[[ Available data, beginning ]]

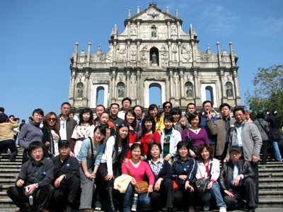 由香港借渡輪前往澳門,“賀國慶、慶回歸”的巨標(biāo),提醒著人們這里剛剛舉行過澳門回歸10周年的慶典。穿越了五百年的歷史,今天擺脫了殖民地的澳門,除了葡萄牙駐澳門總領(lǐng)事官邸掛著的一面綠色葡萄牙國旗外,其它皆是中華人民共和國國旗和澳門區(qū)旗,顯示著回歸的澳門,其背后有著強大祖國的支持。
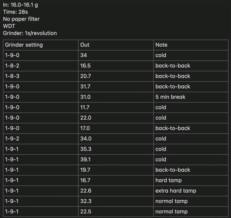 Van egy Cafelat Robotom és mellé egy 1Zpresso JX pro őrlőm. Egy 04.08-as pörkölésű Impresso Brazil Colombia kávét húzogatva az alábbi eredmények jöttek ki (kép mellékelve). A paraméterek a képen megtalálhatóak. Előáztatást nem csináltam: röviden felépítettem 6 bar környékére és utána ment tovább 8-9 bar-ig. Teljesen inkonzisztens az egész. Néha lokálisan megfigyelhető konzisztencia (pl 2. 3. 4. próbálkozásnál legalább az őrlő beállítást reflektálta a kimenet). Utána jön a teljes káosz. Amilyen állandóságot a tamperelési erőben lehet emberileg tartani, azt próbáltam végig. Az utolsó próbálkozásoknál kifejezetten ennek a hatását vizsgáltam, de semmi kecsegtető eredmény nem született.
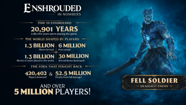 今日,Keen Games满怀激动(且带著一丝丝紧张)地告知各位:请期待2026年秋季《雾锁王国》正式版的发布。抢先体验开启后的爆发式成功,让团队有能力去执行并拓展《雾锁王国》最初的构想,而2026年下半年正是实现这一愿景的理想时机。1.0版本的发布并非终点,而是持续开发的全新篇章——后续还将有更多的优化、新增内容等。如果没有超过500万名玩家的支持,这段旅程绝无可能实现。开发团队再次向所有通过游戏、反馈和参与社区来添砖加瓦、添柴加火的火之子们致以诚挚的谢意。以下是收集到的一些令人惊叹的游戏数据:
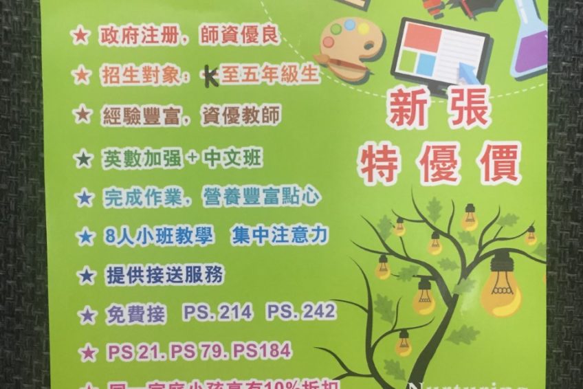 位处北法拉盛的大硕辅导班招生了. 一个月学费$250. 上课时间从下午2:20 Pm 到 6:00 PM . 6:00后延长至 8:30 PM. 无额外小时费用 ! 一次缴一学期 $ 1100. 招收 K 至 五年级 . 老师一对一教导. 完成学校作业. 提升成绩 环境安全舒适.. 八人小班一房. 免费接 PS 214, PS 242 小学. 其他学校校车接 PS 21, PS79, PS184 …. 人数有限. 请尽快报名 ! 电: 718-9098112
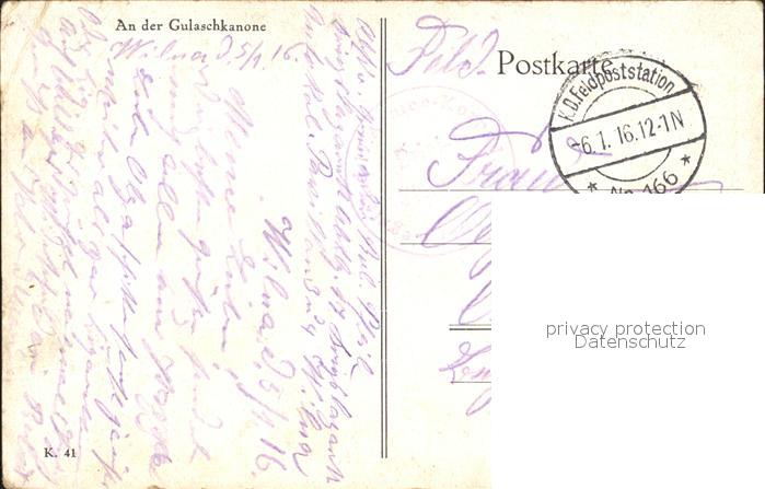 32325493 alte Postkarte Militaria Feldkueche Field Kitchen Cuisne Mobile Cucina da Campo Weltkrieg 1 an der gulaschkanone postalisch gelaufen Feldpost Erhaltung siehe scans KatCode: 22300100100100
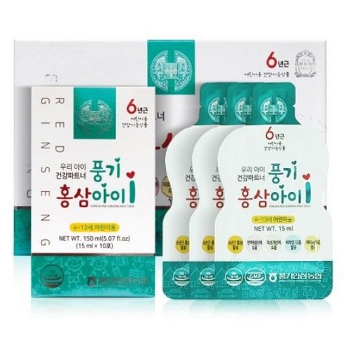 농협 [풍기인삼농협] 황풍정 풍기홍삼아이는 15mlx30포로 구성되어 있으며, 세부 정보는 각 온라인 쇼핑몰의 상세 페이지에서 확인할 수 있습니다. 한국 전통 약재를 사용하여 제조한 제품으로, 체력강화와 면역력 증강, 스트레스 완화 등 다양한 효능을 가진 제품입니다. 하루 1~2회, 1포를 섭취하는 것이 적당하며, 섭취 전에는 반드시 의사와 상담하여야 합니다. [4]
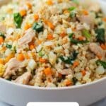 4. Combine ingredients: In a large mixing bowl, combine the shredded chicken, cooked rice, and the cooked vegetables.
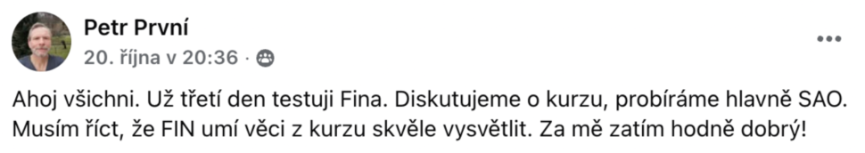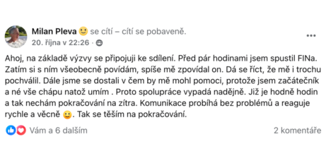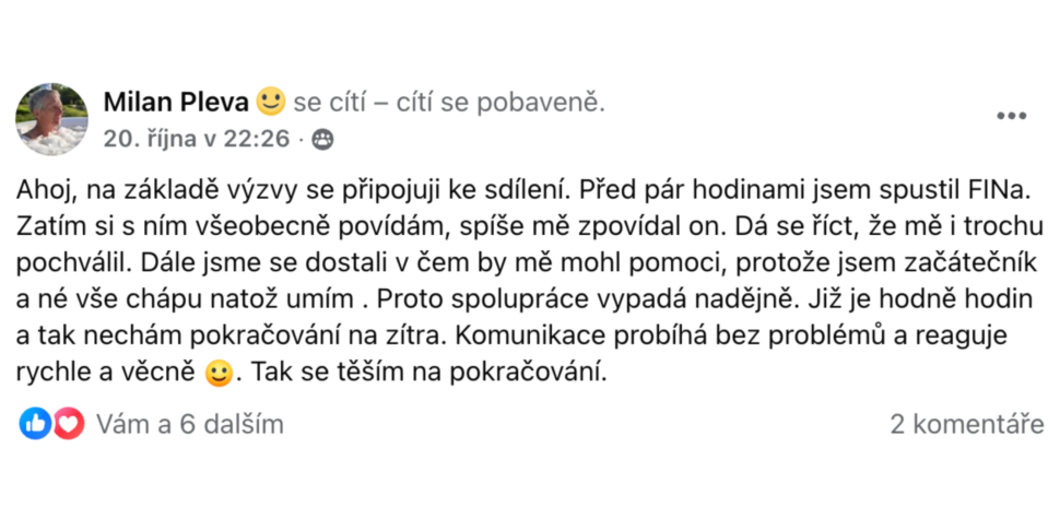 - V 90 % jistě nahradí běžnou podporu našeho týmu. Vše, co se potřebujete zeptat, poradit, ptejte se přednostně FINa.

[[ Available data, end ]]

> **Aim of the task**: The output must match, line for line, the span from the line containing "位处北法拉盛的大硕辅导班招生了. 一个月学费$250. 上课时间从下午2:20" through the end of the data, with the pictures removed.

> **Output**:
 位处北法拉盛的大硕辅导班招生了. 一个月学费$250. 上课时间从下午2:20 Pm 到 6:00 PM . 6:00后延长至 8:30 PM. 无额外小时费用 ! 一次缴一学期 $ 1100. 招收 K 至 五年级 . 老师一对一教导. 完成学校作业. 提升成绩 环境安全舒适.. 八人小班一房. 免费接 PS 214, PS 242 小学. 其他学校校车接 PS 21, PS79, PS184 …. 人数有限. 请尽快报名 ! 电: 718-9098112
 32325493 alte Postkarte Militaria Feldkueche Field Kitchen Cuisne Mobile Cucina da Campo Weltkrieg 1 an der gulaschkanone postalisch gelaufen Feldpost Erhaltung siehe scans KatCode: 22300100100100
 농협 [풍기인삼농협] 황풍정 풍기홍삼아이는 15mlx30포로 구성되어 있으며, 세부 정보는 각 온라인 쇼핑몰의 상세 페이지에서 확인할 수 있습니다. 한국 전통 약재를 사용하여 제조한 제품으로, 체력강화와 면역력 증강, 스트레스 완화 등 다양한 효능을 가진 제품입니다. 하루 1~2회, 1포를 섭취하는 것이 적당하며, 섭취 전에는 반드시 의사와 상담하여야 합니다. [4]
 4. Combine ingredients: In a large mixing bowl, combine the shredded chicken, cooked rice, and the cooked vegetables.
 - V 90 % jistě nahradí běžnou podporu našeho týmu. Vše, co se potřebujete zeptat, poradit, ptejte se přednostně FINa.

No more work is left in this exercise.